Key metabolites secreted by Chlorella vulgaris alleviate salt stress in soybean seedlings

Soil salinization is a major abiotic stress factor that reduces soybean production. Studies have shown that application of Chlorella promotes plant growth; however, its potential to mitigate salt stress, and the active components involved and the underlying mechanisms, remains unclear. In this study, the application of Chlorella vulgaris significantly mitigated salt stress in soybean seedlings. To identify the active components, we fractionated C. vulgaris and found that the extracellular secretions were primarily responsible for the mitigation. Furthermore, we isolated and characterized exosomes from these secretions. Phenotypic and physiological assessments confirmed that C. vulgaris exosomes alleviated salt stress in soybean seedlings to an extent similar to the intact organism. We identified the key metabolites (linolenic acid and inosine) as the active components within these exosomes. Notably, when applied in combination, they showed a strong synergistic effect, collectively promoting seedling growth, restoring ion homeostasis, and improving redox homeostasis under salt stress. To investigate the molecular mechanisms of salt stress alleviation, the transcriptomes of soybean seedlings subjected to different treatments were analyzed. Salt stress induced widespread changes in gene expression; however, application of linoleic acid (LA), inosine, and especially their combination, led to substantial transcriptomic reprogramming. Enrichment analysis indicated that these modifications were coordinated across energy metabolism, redox homeostasis, carbohydrate metabolism, and ion transport.
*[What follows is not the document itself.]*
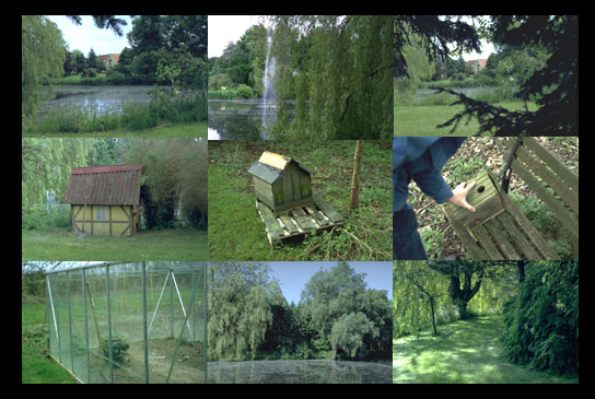 Das "Falster Versuchsgelände" liegt an einer breiten, neu angelegten Landstraße auf einer sanften Erhebung. Es heißt, hier sei der höchste Punkt von Falster, 35 Meter über dem Meeresspiegel. Seiner Zufahrt ist eine große, baumbestandene Wiese vorgelagert. Die Form des Geländes ergibt fast ein Trapez, das allseitig von einem hohen Flechtzaun umgeben ist. Direkt an diesen Zaun ist eine 3 bis 4 Meter hohe, dicht gewachsene Hecke gepflanzt, die das gesamte Areal vor Wind und neugierigen Blicken von Aussen abschirmt. Aber auch von Innen verleiht diese Hecke dem Areal den Eindruck eines abgeschlossenen, von Ausseneinflüssen unberührten Ortes. Diese Abgeschlossenheit erlaubt es, das Grundstück wie ein "Garten-Labor" zu begreifen und hier Eingriffe vorzunehmen, die in einer offenen Situation ganz anders ausfallen würden.

Importantly, the LA + inosine combination induced a synergistic rather than simply additive transcriptional response, which explains its superior effect on salt tolerance at the molecular level. In this study, we successfully isolated and identified, for the first time, exosomes as the functional components through which C. vulgaris alleviates salt stress in soybean seedlings. Further analysis identified LA and inosine within the exosomes as the key active metabolites. These findings provide a novel theoretical basis for improving crop salt tolerance and are important for developing novel algal nanovesicle-based biostimulants.